**Exercise prompt:**
If a record contains an image, leave the image out and repeat everything else exactly.

**Exercise data:**
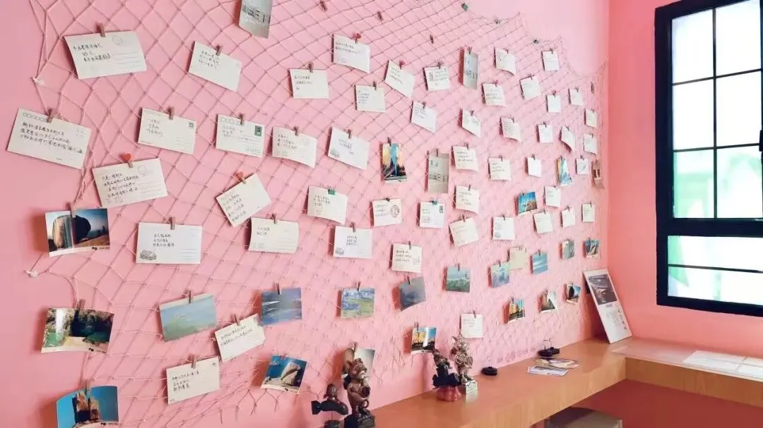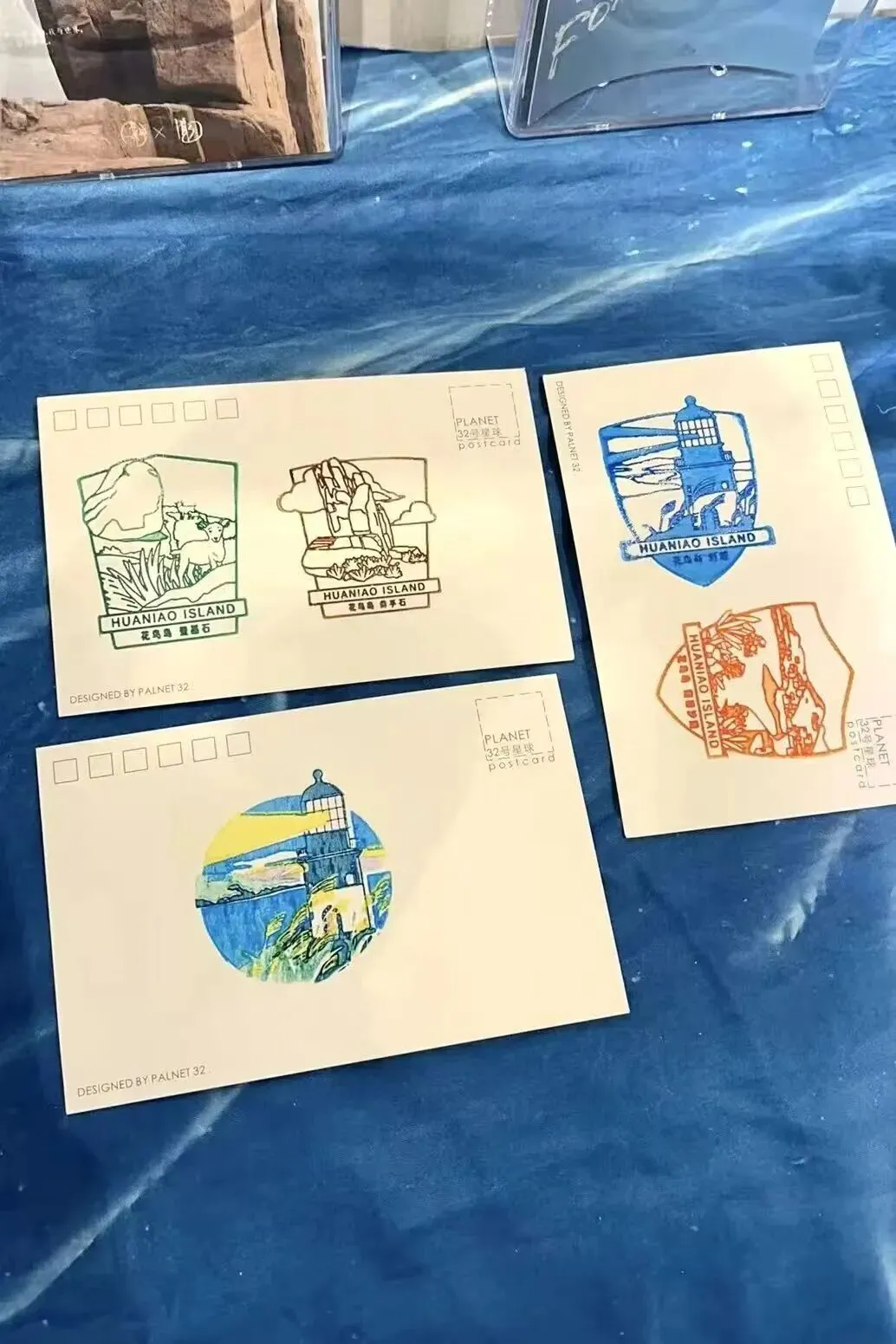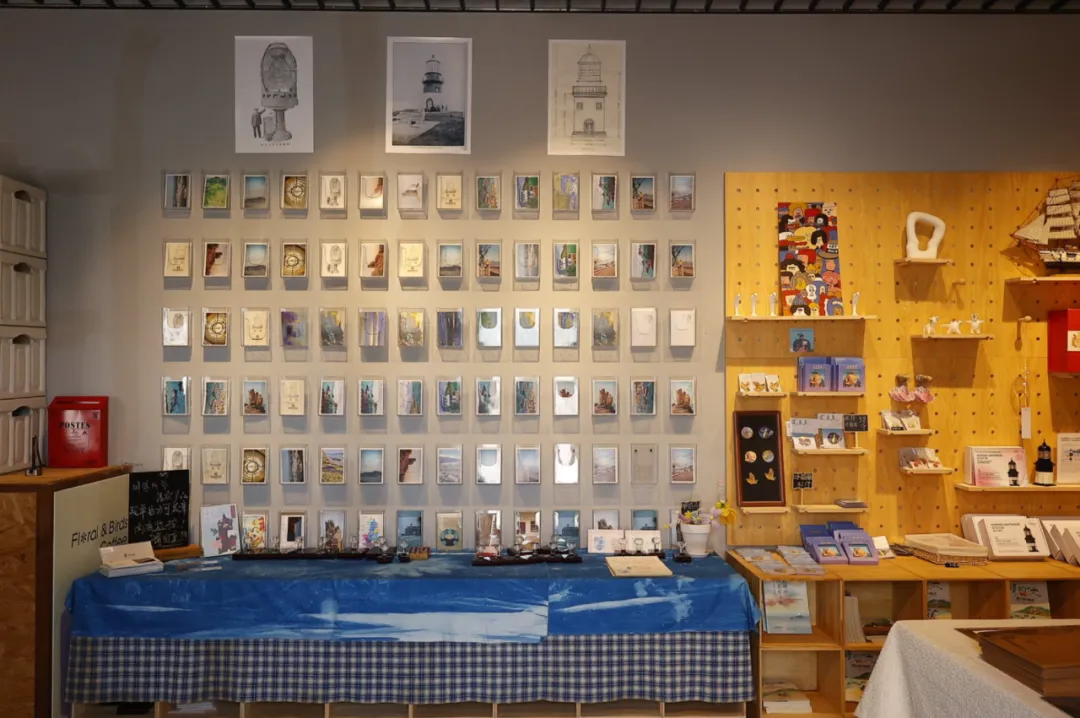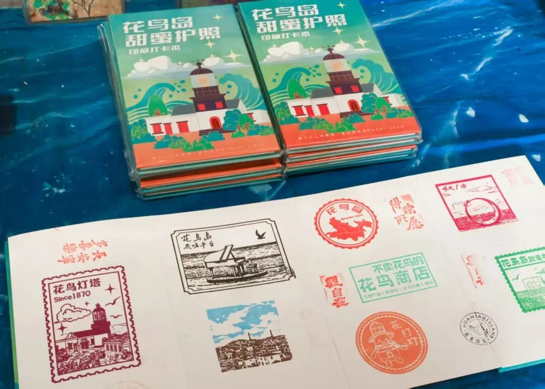 店内有一面明信片墙和多款打卡印章——灯塔、蓝眼泪、码塔线、花鸟村……每盖一个章,就像在收集岛屿的碎片。集满一本,便是属于你的花鸟记忆。
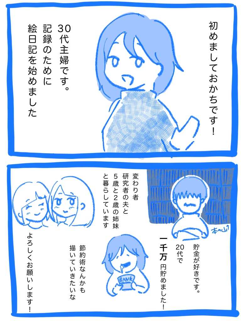 初めまして、おかちと申します。日常記録として絵日記を始めました。趣味はお絵描き、特技は貯金。20代で1000万円の貯金を達成したので、貯め技等も描いていきたいです。よろしくお願いします♪
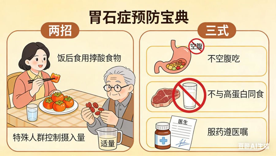 周敏提醒,预防胃石症,关键在于“选对时机吃、避开风险搭配”和“特殊人群格外当心”。应避免空腹食用柿子、山楂、黑枣等鞣酸含量高的食物,不与高蛋白食物同食,也不立即饮酒、饮茶;胃动力差、胃炎、胃溃疡患者及胃手术后的人群、老年人等需严格控制摄入量。此外,服药遵医嘱、食用鞣酸类水果后适当促进胃动力、及时排查消化功能问题,都是筑牢健康防线的好习惯。
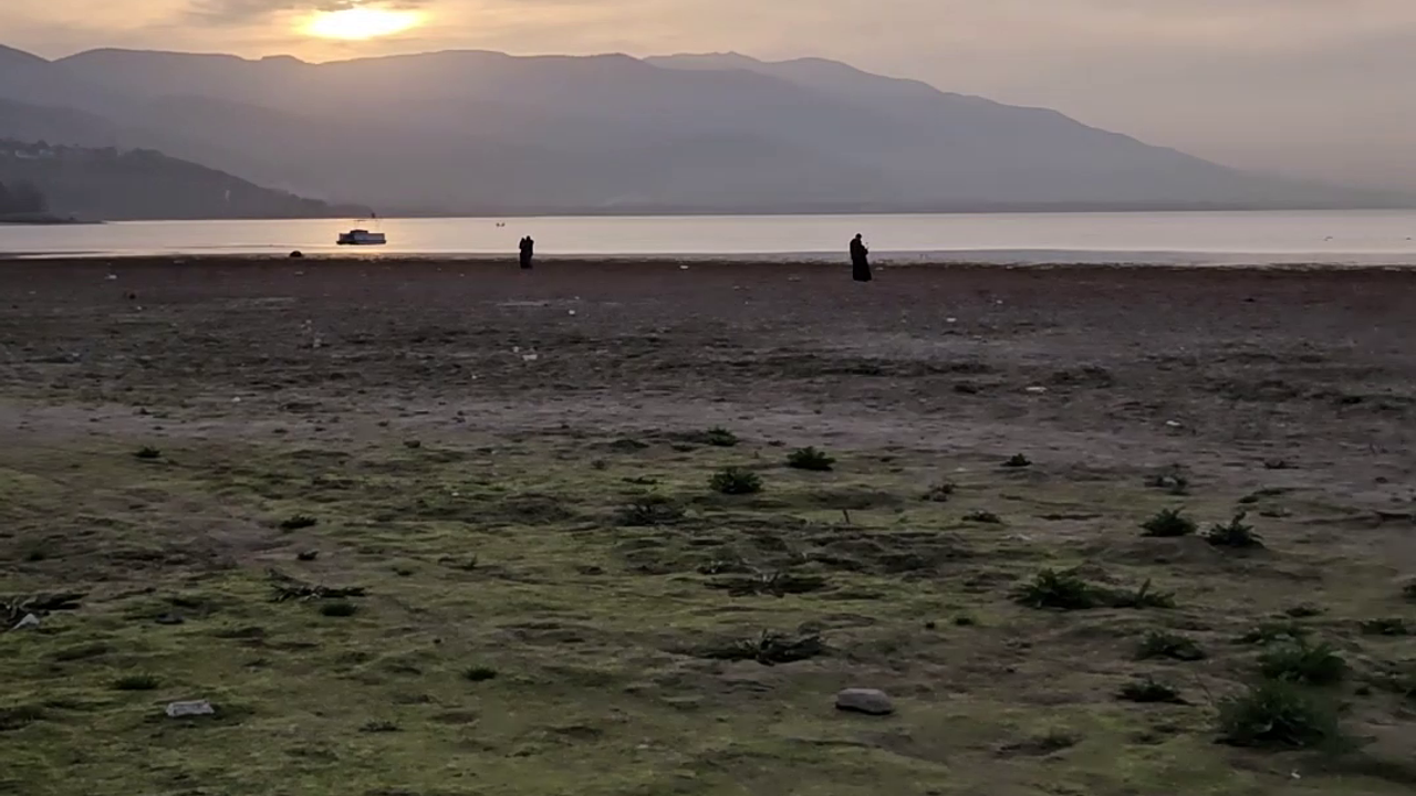 Serhat YILMAZ/ ARİFİYE(Sakarya), (DHA)- SAKARYA'da bulunan Sapanca Gölü'nde su seviyesi gözle görülür şekilde azalırken, bir vatandaş cep telefonuyla suların çekildiği alanda yürüyen ve mangal yapan kişileri görüntüledi.
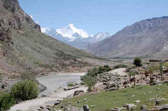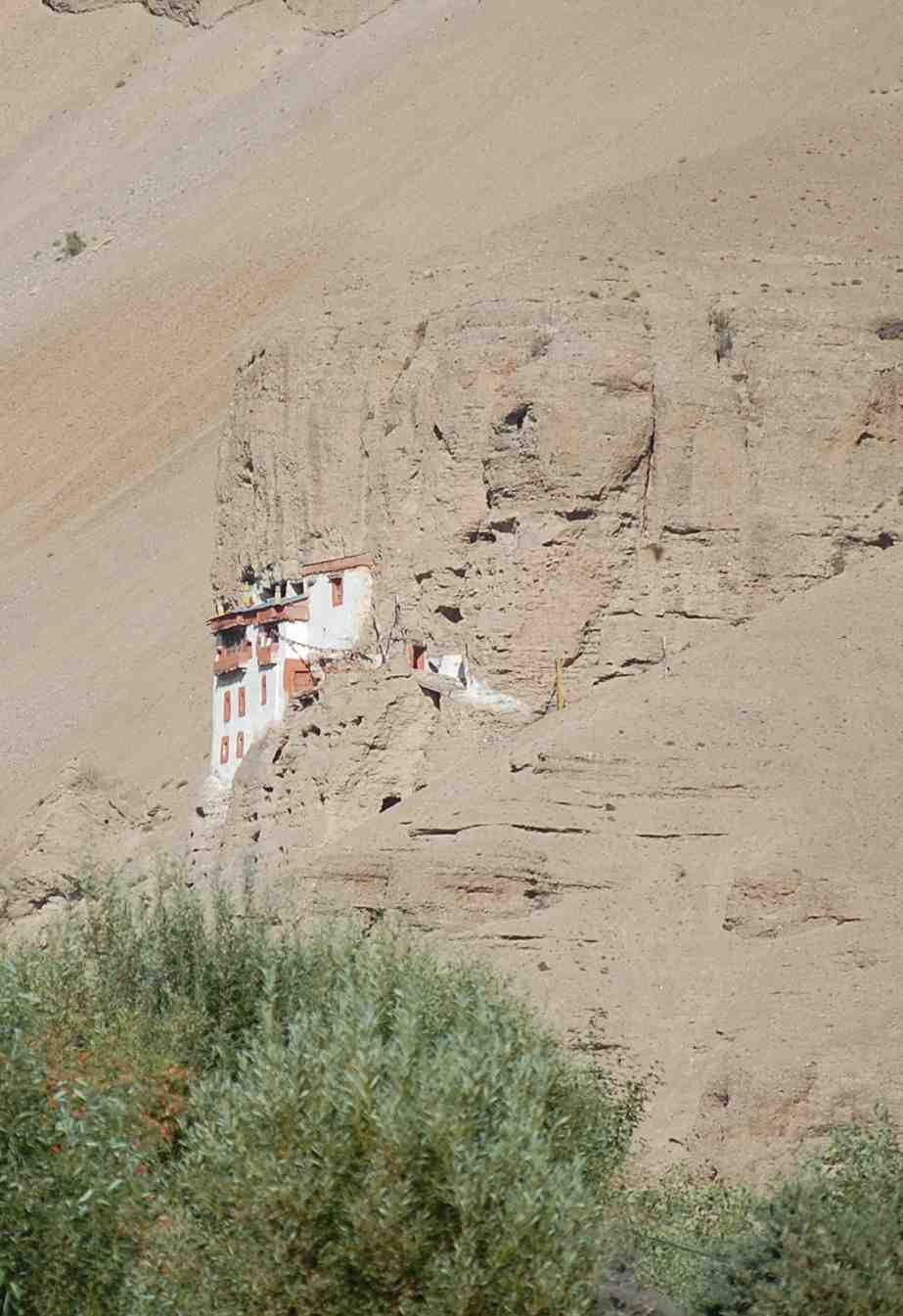 fascinant, agrippé au rocher comme un nid de guêpes et qu’on ne peut sans doute atteindre que par un rude sentier très raide. On le voit depuis notre campement, mais hélas manque le temps d’aller le visiter. Après, c’est le Bas-Ladakh, ou « Purig », capitale Kargil, habitée à plus de 80% par des musulmans chiites. Kargil laisse en principe une impression pénible à nombre de visiteurs à cause probablement de la rigueur des mœurs pratiquées, toute en contraste avec l’effervescence colorée des villages bouddhistes. Mais par ce temps superbe, la petite ville prendrait presque des allures de cité de villégiature estivale. Pourtant, l’agglomération a souffert : la bataille de Kargil, livrée par l’armée indienne contre le Pakistan en 1999, a en partie détruit les maisons, qu’il a fallu reconstruire, désormais sur un modèle uniforme, toutes de pierres grises. Cette région du Ladakh est boisée. C’est bien la seule. La ligne de cessez-le-feu passe sur la crête rocheuse qui domine la ville : c’est de là qu’en 1998, l’armée pakistanaise bombardait la gare routière. Mais si on oublie cela, on remarque surtout les sommets du Nun et du Kun qui, de loin, inscrivent la petite ville parmi les villes de haute montagne. Entre les arbres fruitiers, la route sinue jusqu’aux villages de la vallée de la Suru, direction Rangdum. Elle reste goudronnée encore un long moment. Au moins jusqu’à Pannikar.
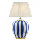 The Circus Ceramic Table Lamp Blue & White brings the big top to your living room. Its handcrafted ceramic base features bold blue and white stripes straight, while antique brass accents add a dash of golden glamour. An in-line rocker switch mounted on the white cable lets you illuminate the scene with ease. Handmade and hand-painted, each lamp is a unique work of art that conjures images of trapeze artists, tightrope walkers and show ponies performing under the spotlight. Place a pair on either side of a sofa or cabinet for a look that’s sure to steal the show. Ladies and gentlemen, boys and girls, feast your eyes on the greatest lamp on earth!
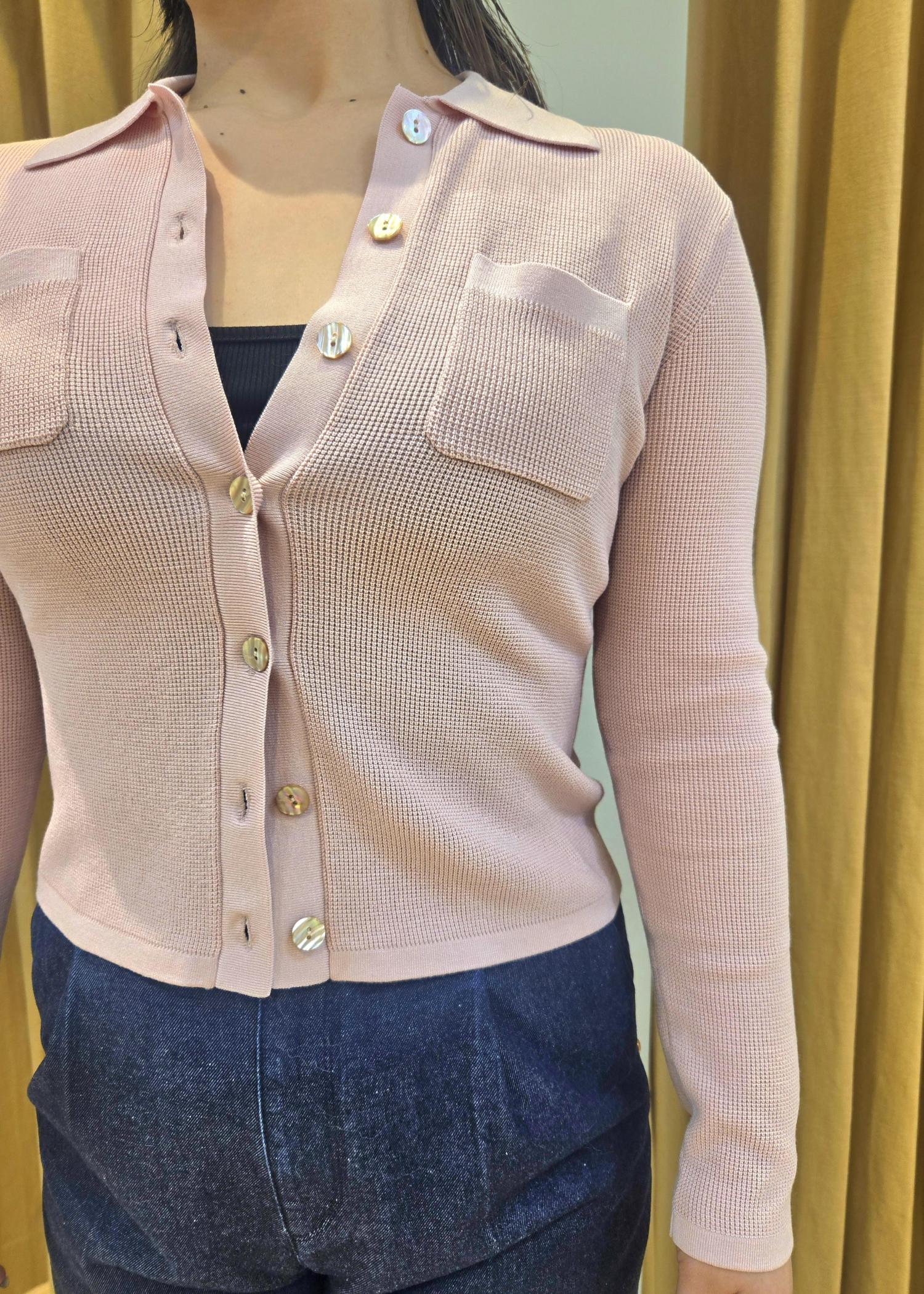 ROPÉポロニットカーディガン/イージーケアピンク / F¥19,800レビュー全部閉めてトップスとしてもカーディガンとしても着られるので気温調節が難しい時期にぴったりです。
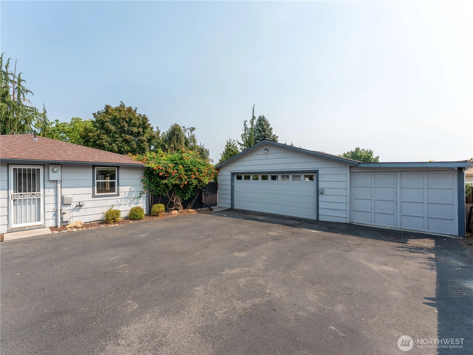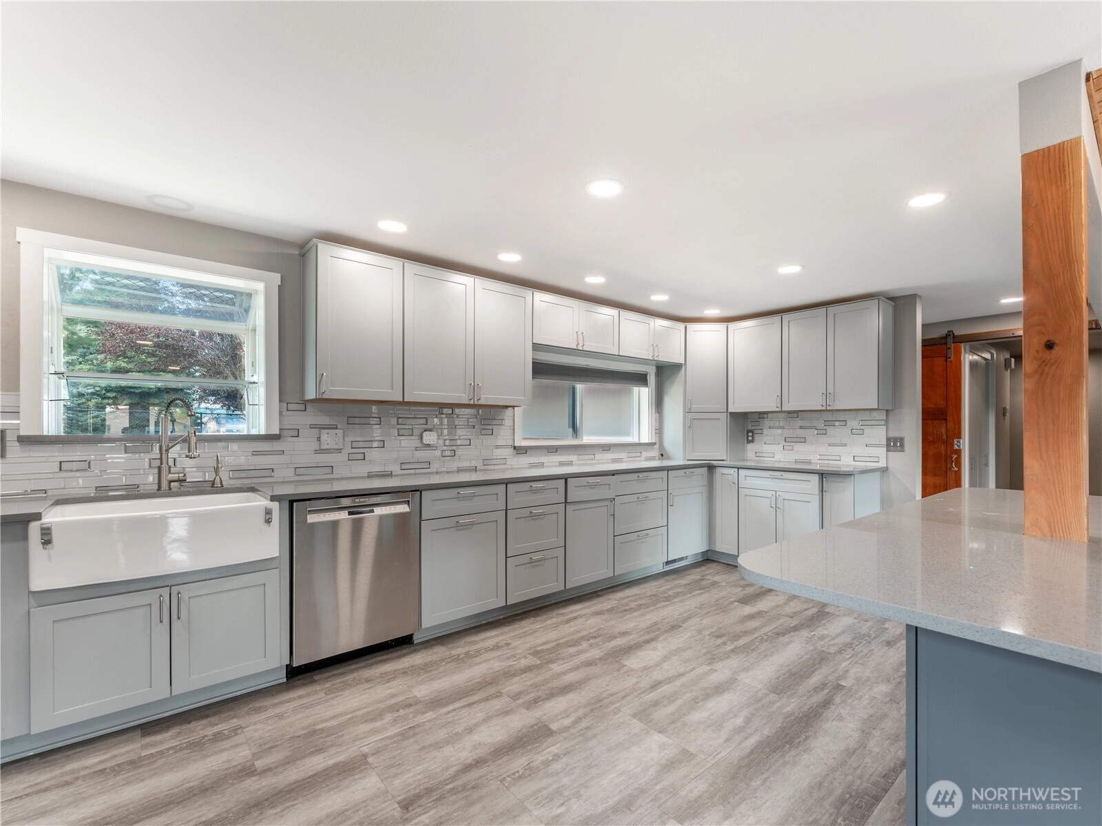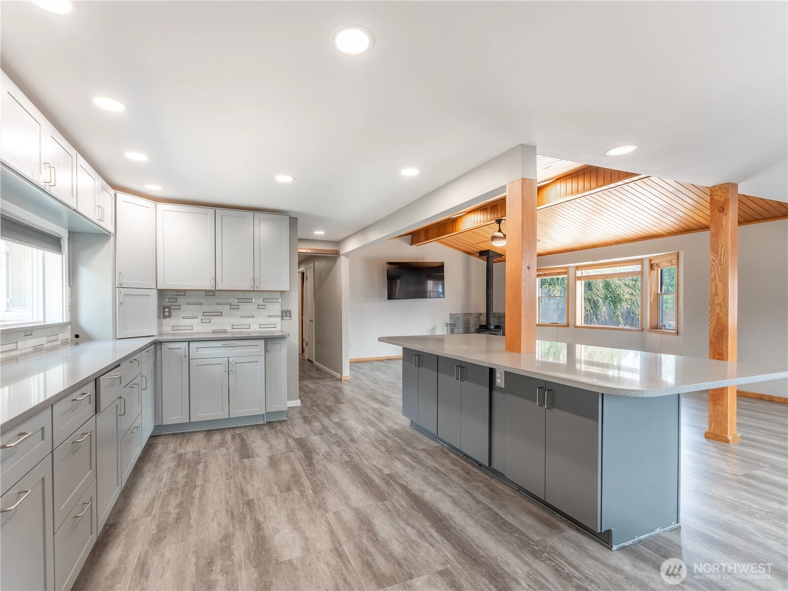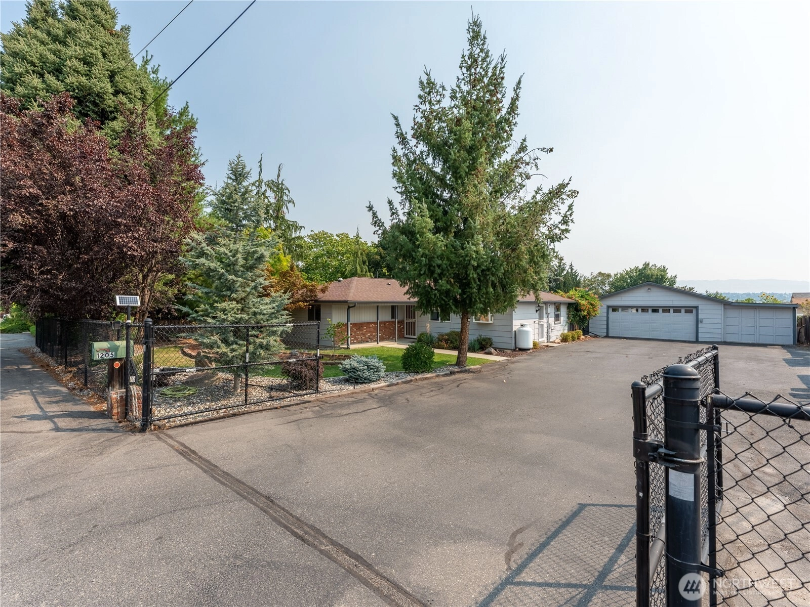 This beautifully remodeled 1,666 sq ft rambler sits on a 1/3-acre lot. The open-concept layout features vaulted ceilings, a cozy wood-burning fireplace, and durable LVP flooring—perfect for entertaining. The kitchen boasts stainless steel appliances, a gas cooktop, and plenty of counter space, complemented by quartz surfaces throughout. The spacious primary suite includes built-in closets, while the laundry room offers dual access from both the primary bathroom and hallway. Enjoy a private backyard for entertaining, along with RV parking with a 50-amp outlet, a detached 2+ car garage, separate office, multiple sheds, and a fully fenced yard with an electric gate for ultimate privacy.

**Written solution:**
 店内有一面明信片墙和多款打卡印章——灯塔、蓝眼泪、码塔线、花鸟村……每盖一个章,就像在收集岛屿的碎片。集满一本,便是属于你的花鸟记忆。
 初めまして、おかちと申します。日常記録として絵日記を始めました。趣味はお絵描き、特技は貯金。20代で1000万円の貯金を達成したので、貯め技等も描いていきたいです。よろしくお願いします♪
 周敏提醒,预防胃石症,关键在于“选对时机吃、避开风险搭配”和“特殊人群格外当心”。应避免空腹食用柿子、山楂、黑枣等鞣酸含量高的食物,不与高蛋白食物同食,也不立即饮酒、饮茶;胃动力差、胃炎、胃溃疡患者及胃手术后的人群、老年人等需严格控制摄入量。此外,服药遵医嘱、食用鞣酸类水果后适当促进胃动力、及时排查消化功能问题,都是筑牢健康防线的好习惯。
 Serhat YILMAZ/ ARİFİYE(Sakarya), (DHA)- SAKARYA'da bulunan Sapanca Gölü'nde su seviyesi gözle görülür şekilde azalırken, bir vatandaş cep telefonuyla suların çekildiği alanda yürüyen ve mangal yapan kişileri görüntüledi.
 fascinant, agrippé au rocher comme un nid de guêpes et qu’on ne peut sans doute atteindre que par un rude sentier très raide. On le voit depuis notre campement, mais hélas manque le temps d’aller le visiter. Après, c’est le Bas-Ladakh, ou « Purig », capitale Kargil, habitée à plus de 80% par des musulmans chiites. Kargil laisse en principe une impression pénible à nombre de visiteurs à cause probablement de la rigueur des mœurs pratiquées, toute en contraste avec l’effervescence colorée des villages bouddhistes. Mais par ce temps superbe, la petite ville prendrait presque des allures de cité de villégiature estivale. Pourtant, l’agglomération a souffert : la bataille de Kargil, livrée par l’armée indienne contre le Pakistan en 1999, a en partie détruit les maisons, qu’il a fallu reconstruire, désormais sur un modèle uniforme, toutes de pierres grises. Cette région du Ladakh est boisée. C’est bien la seule. La ligne de cessez-le-feu passe sur la crête rocheuse qui domine la ville : c’est de là qu’en 1998, l’armée pakistanaise bombardait la gare routière. Mais si on oublie cela, on remarque surtout les sommets du Nun et du Kun qui, de loin, inscrivent la petite ville parmi les villes de haute montagne. Entre les arbres fruitiers, la route sinue jusqu’aux villages de la vallée de la Suru, direction Rangdum. Elle reste goudronnée encore un long moment. Au moins jusqu’à Pannikar.
 The Circus Ceramic Table Lamp Blue & White brings the big top to your living room. Its handcrafted ceramic base features bold blue and white stripes straight, while antique brass accents add a dash of golden glamour. An in-line rocker switch mounted on the white cable lets you illuminate the scene with ease. Handmade and hand-painted, each lamp is a unique work of art that conjures images of trapeze artists, tightrope walkers and show ponies performing under the spotlight. Place a pair on either side of a sofa or cabinet for a look that’s sure to steal the show. Ladies and gentlemen, boys and girls, feast your eyes on the greatest lamp on earth!
 ROPÉポロニットカーディガン/イージーケアピンク / F¥19,800レビュー全部閉めてトップスとしてもカーディガンとしても着られるので気温調節が難しい時期にぴったりです。
 This beautifully remodeled 1,666 sq ft rambler sits on a 1/3-acre lot. The open-concept layout features vaulted ceilings, a cozy wood-burning fireplace, and durable LVP flooring—perfect for entertaining. The kitchen boasts stainless steel appliances, a gas cooktop, and plenty of counter space, complemented by quartz surfaces throughout. The spacious primary suite includes built-in closets, while the laundry room offers dual access from both the primary bathroom and hallway. Enjoy a private backyard for entertaining, along with RV parking with a 50-amp outlet, a detached 2+ car garage, separate office, multiple sheds, and a fully fenced yard with an electric gate for ultimate privacy.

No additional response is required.